• EXERCISE: Every record must come back unchanged, apart from the pictures, which are dropped.

SOURCE RECORDS START

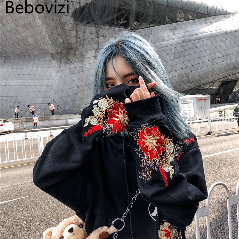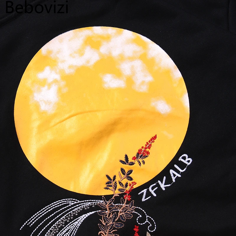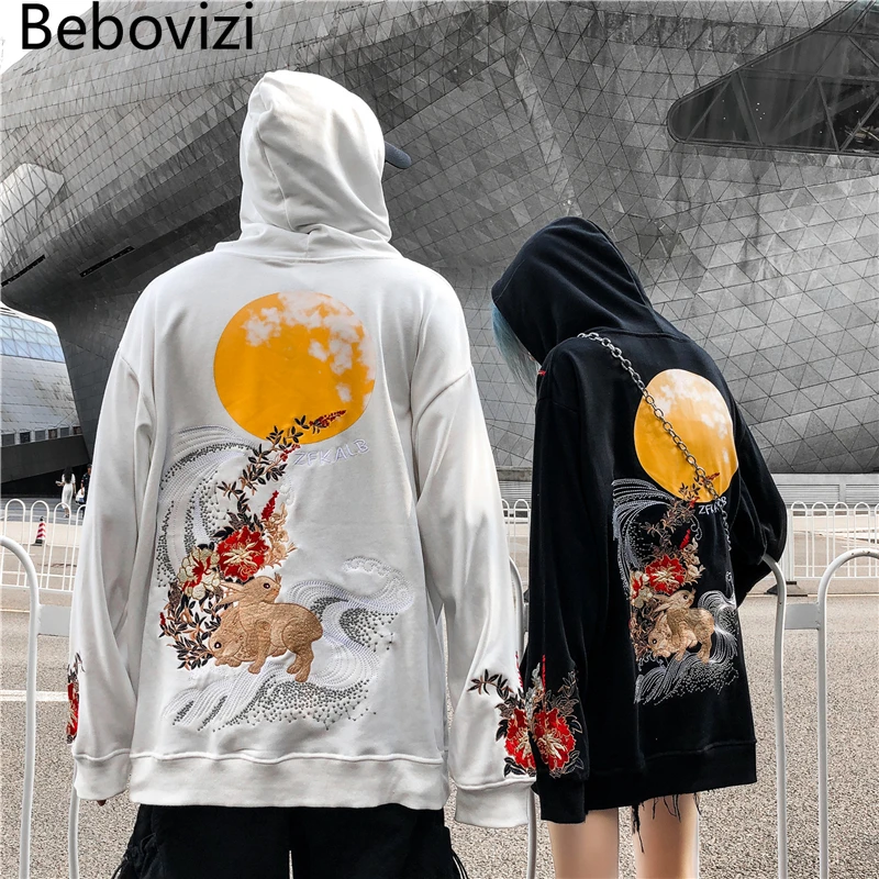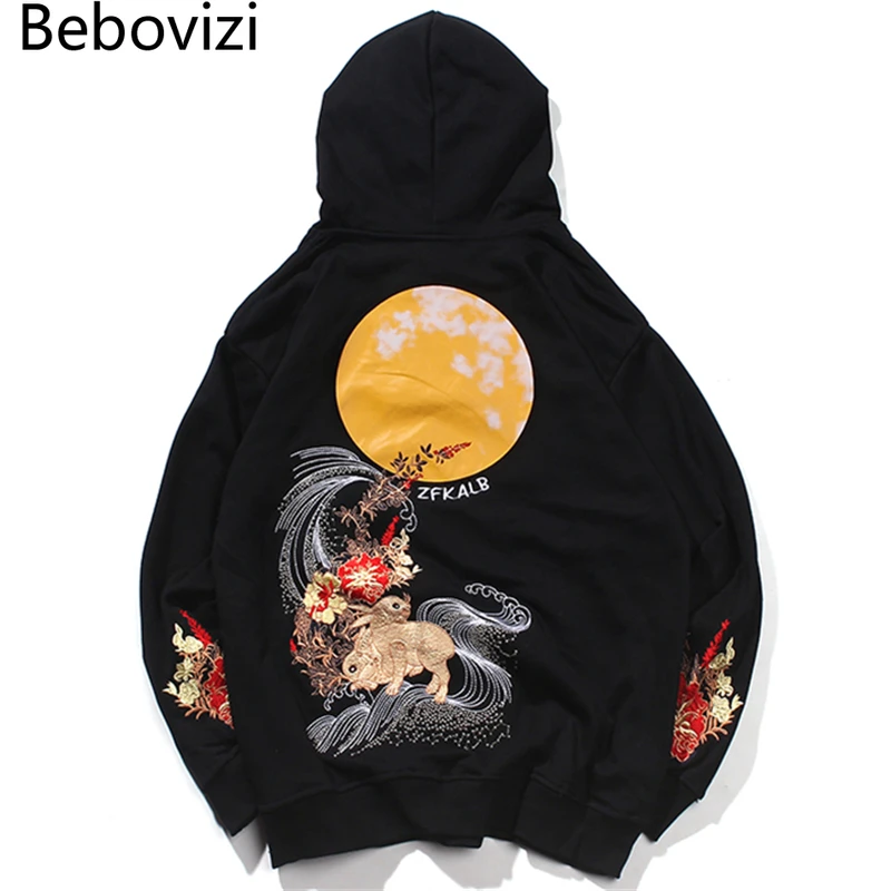 Свитшот Bebovizi мужской в стиле хип-хоп, уличная одежда в стиле Харадзюку, хлопковый пуловер с вышивкой Луны, кролика, Свитшот в китайском стиле, японская одежда
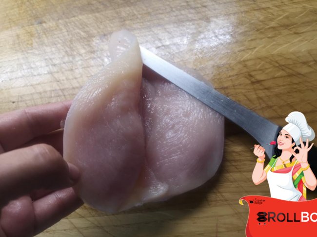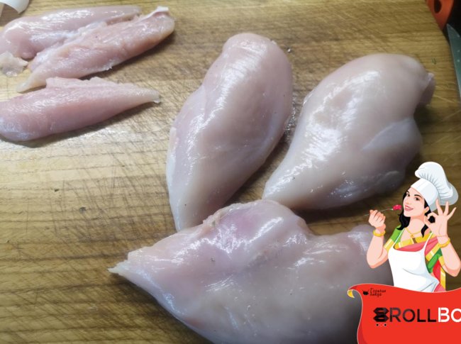 У меня было три штучки куриного филе. Я отрезала малое филе (его можно использовать в другом блюде, но я его так же приготовила).
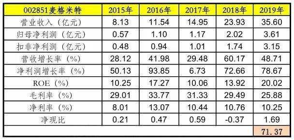 今天介绍的主角是麦格米特,名字很好听,不过相信大多数朋友听了这个名字后都不知道这家公司是干嘛的。关注到麦格米特,是因为这家公司业绩较好,先来看一下历史成绩单。可以看到近2年净利润增速较快。
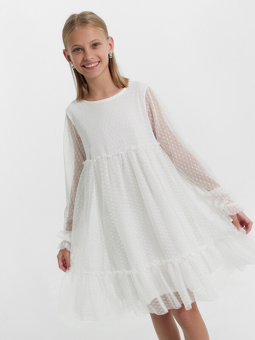 Нарядное платье для девочки из нежной сеточки – идеальный выбор для праздничных мероприятий, утренников и других торжественных случаев. Круглый вырез горловины и длинные рукава придают модели элегантность и утонченность. На спинке находится застежка-пуговица, что добавляет изысканный акцент. Подкладка платья выполнена из нежной хлопковой кулирки, которая обеспечивает комфорт и мягкость на протяжении всего дня. Кулирка – это материал, который дышит, позволяет коже ощущать приятную прохладу и предотвращает раздражение, что особенно важно для детской кожи. Это платье не только красиво, но и функционально, оно подарит вашей малышке ощущение праздника и комфорта. Рекомендуем для создания волшебного и нарядного образа!
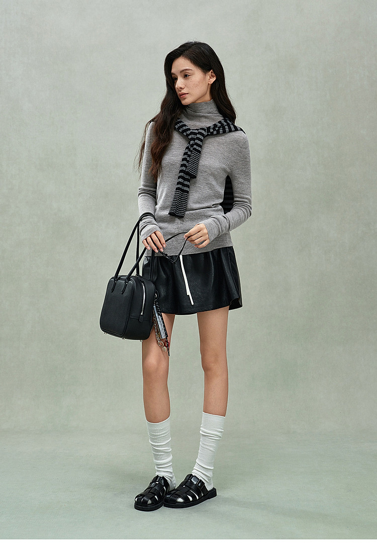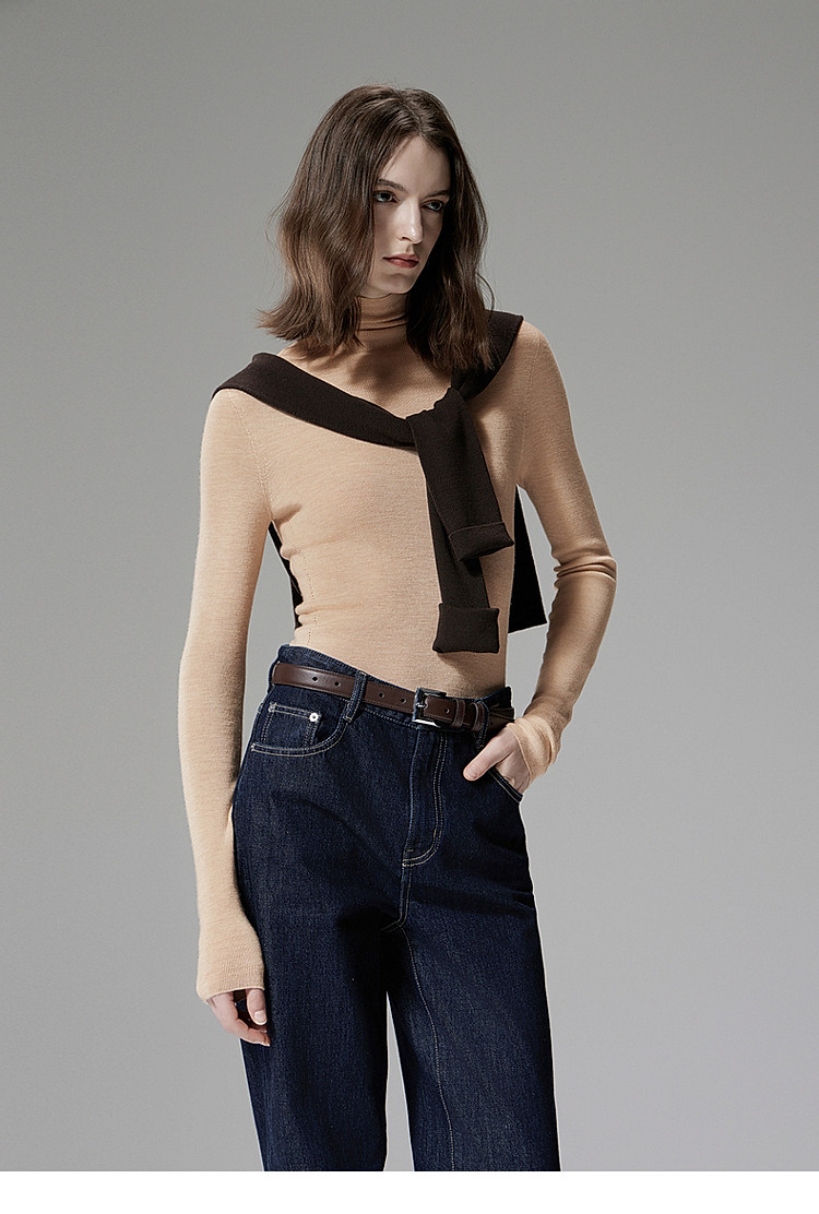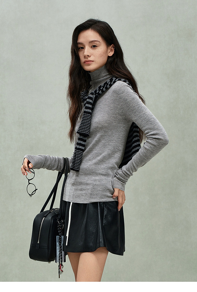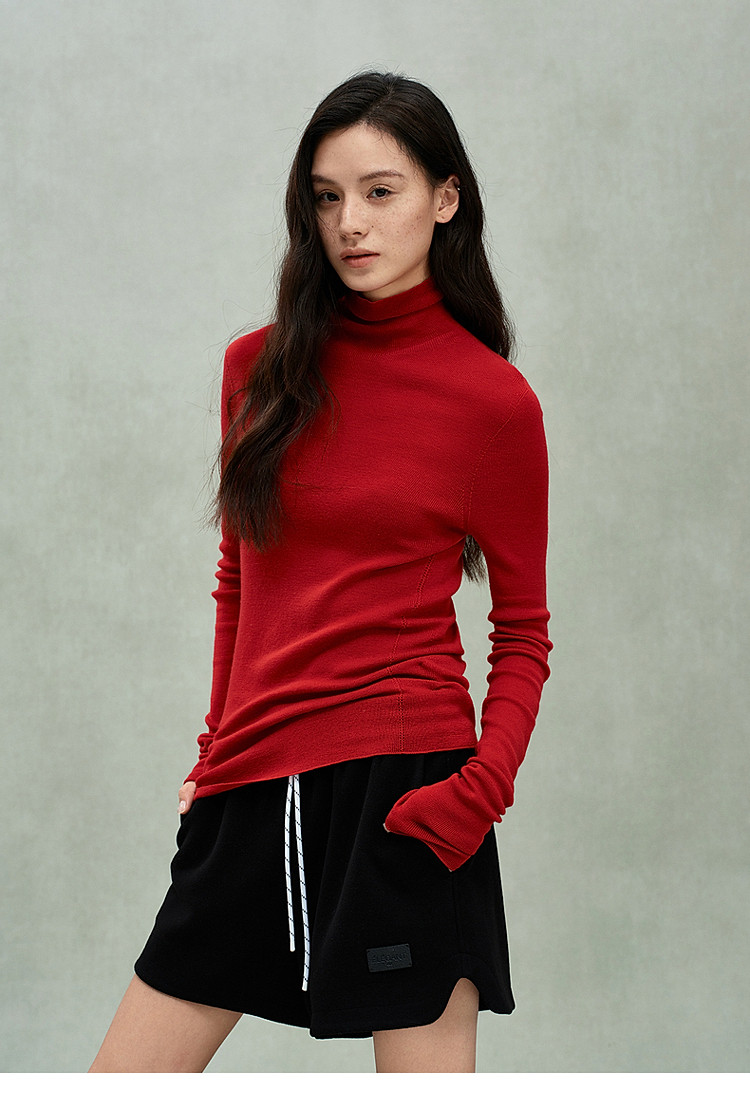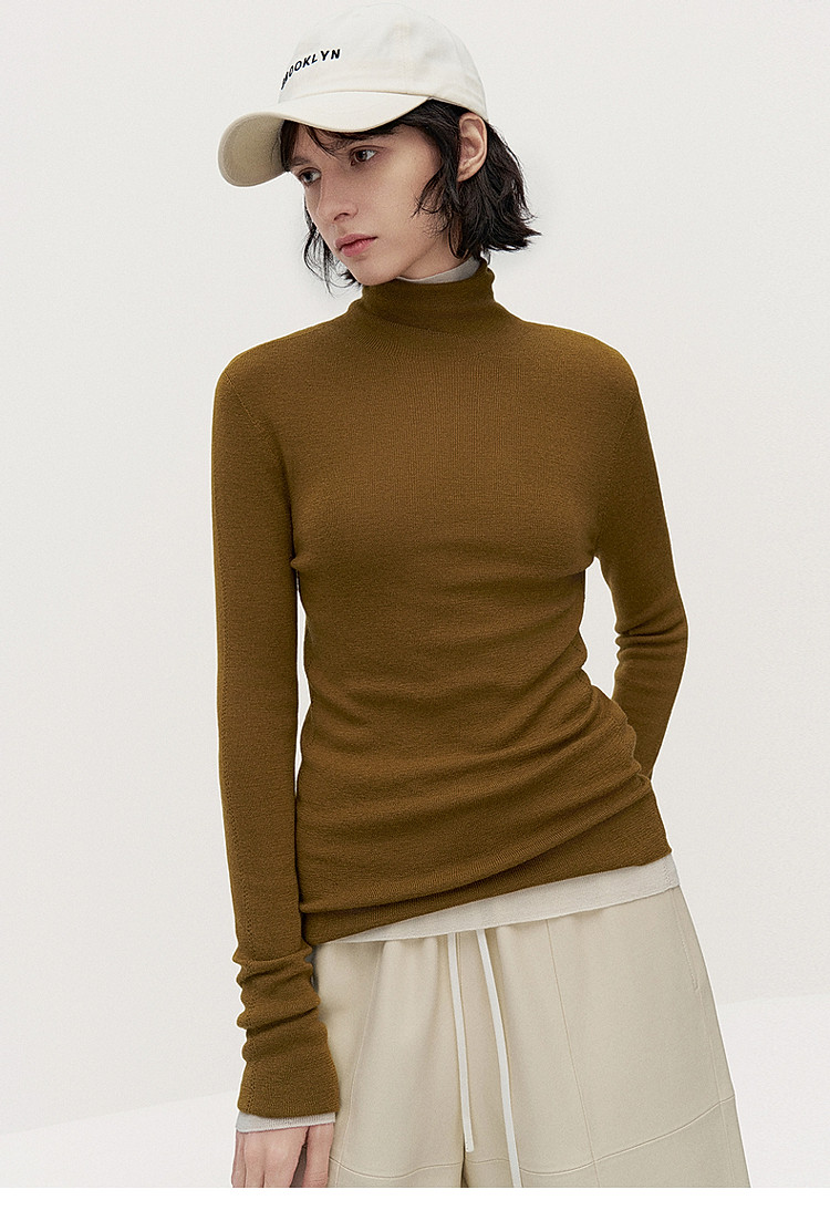 商品名称:可机洗进口100%美丽诺羊毛无缝一体毛衣女 684431
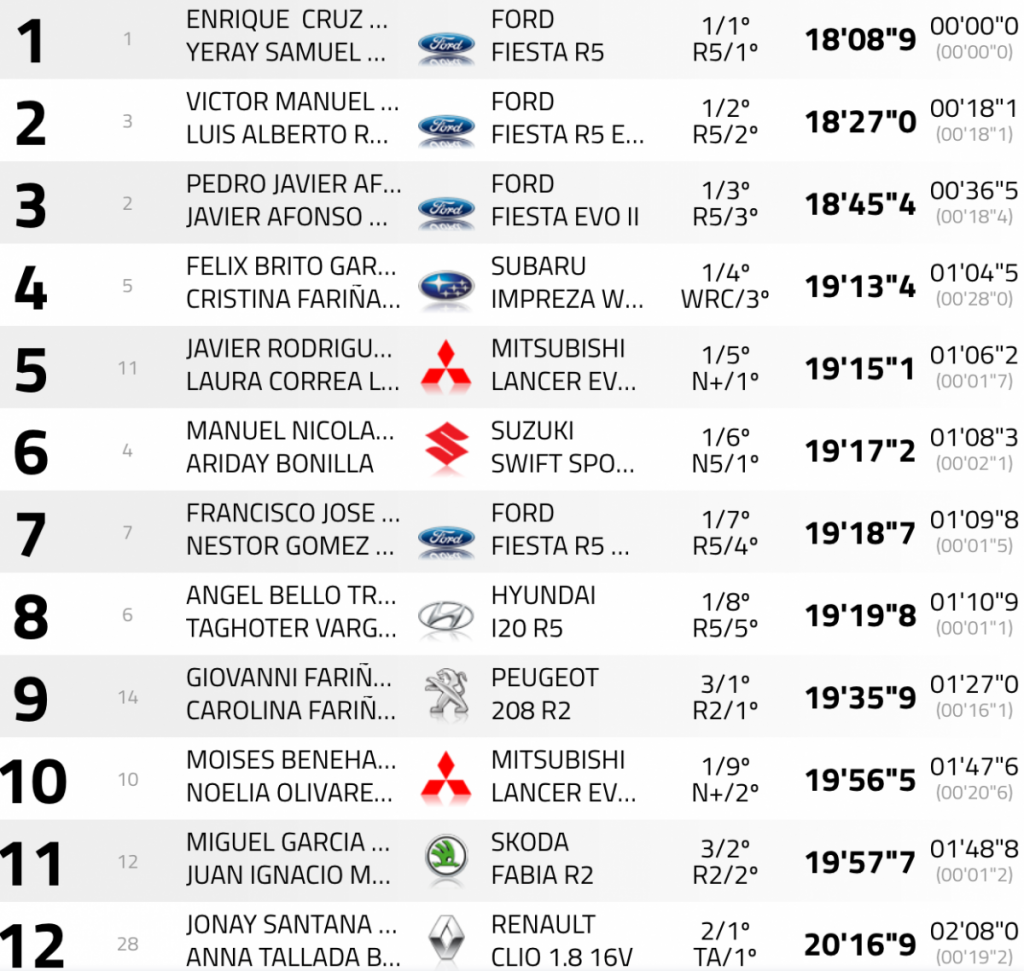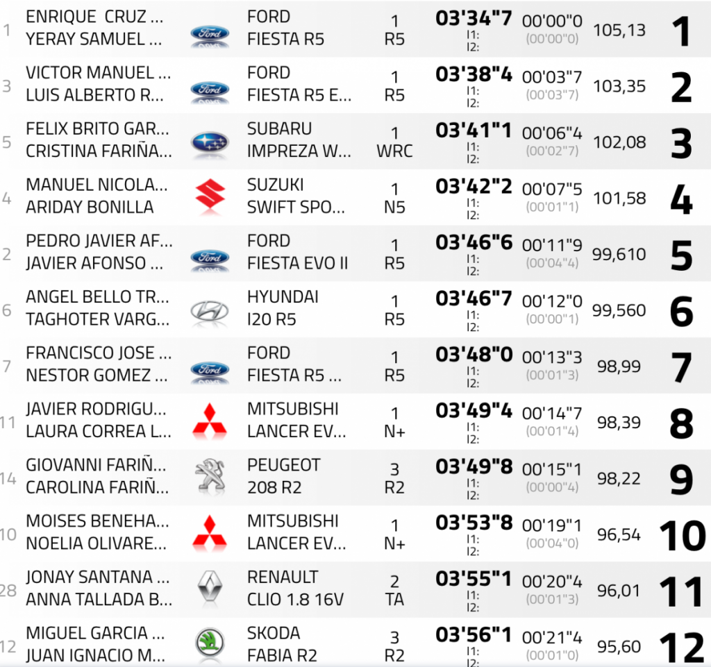 Manolo Mesa – Ariday Bonilla (Suzuki Swift N5 R+) han sido los cuartos mejores, ascendiendo a la sexta plaza de la general después de los problemas sufridos en la anterior pasada, que le hicieron perder su cuarto puesto y bajar hasta la octava plaza.

SOURCE RECORDS END

• THE COMPLETED TASK:
 Свитшот Bebovizi мужской в стиле хип-хоп, уличная одежда в стиле Харадзюку, хлопковый пуловер с вышивкой Луны, кролика, Свитшот в китайском стиле, японская одежда
 У меня было три штучки куриного филе. Я отрезала малое филе (его можно использовать в другом блюде, но я его так же приготовила).
 今天介绍的主角是麦格米特,名字很好听,不过相信大多数朋友听了这个名字后都不知道这家公司是干嘛的。关注到麦格米特,是因为这家公司业绩较好,先来看一下历史成绩单。可以看到近2年净利润增速较快。
 Нарядное платье для девочки из нежной сеточки – идеальный выбор для праздничных мероприятий, утренников и других торжественных случаев. Круглый вырез горловины и длинные рукава придают модели элегантность и утонченность. На спинке находится застежка-пуговица, что добавляет изысканный акцент. Подкладка платья выполнена из нежной хлопковой кулирки, которая обеспечивает комфорт и мягкость на протяжении всего дня. Кулирка – это материал, который дышит, позволяет коже ощущать приятную прохладу и предотвращает раздражение, что особенно важно для детской кожи. Это платье не только красиво, но и функционально, оно подарит вашей малышке ощущение праздника и комфорта. Рекомендуем для создания волшебного и нарядного образа!
 商品名称:可机洗进口100%美丽诺羊毛无缝一体毛衣女 684431
 Manolo Mesa – Ariday Bonilla (Suzuki Swift N5 R+) han sido los cuartos mejores, ascendiendo a la sexta plaza de la general después de los problemas sufridos en la anterior pasada, que le hicieron perder su cuarto puesto y bajar hasta la octava plaza.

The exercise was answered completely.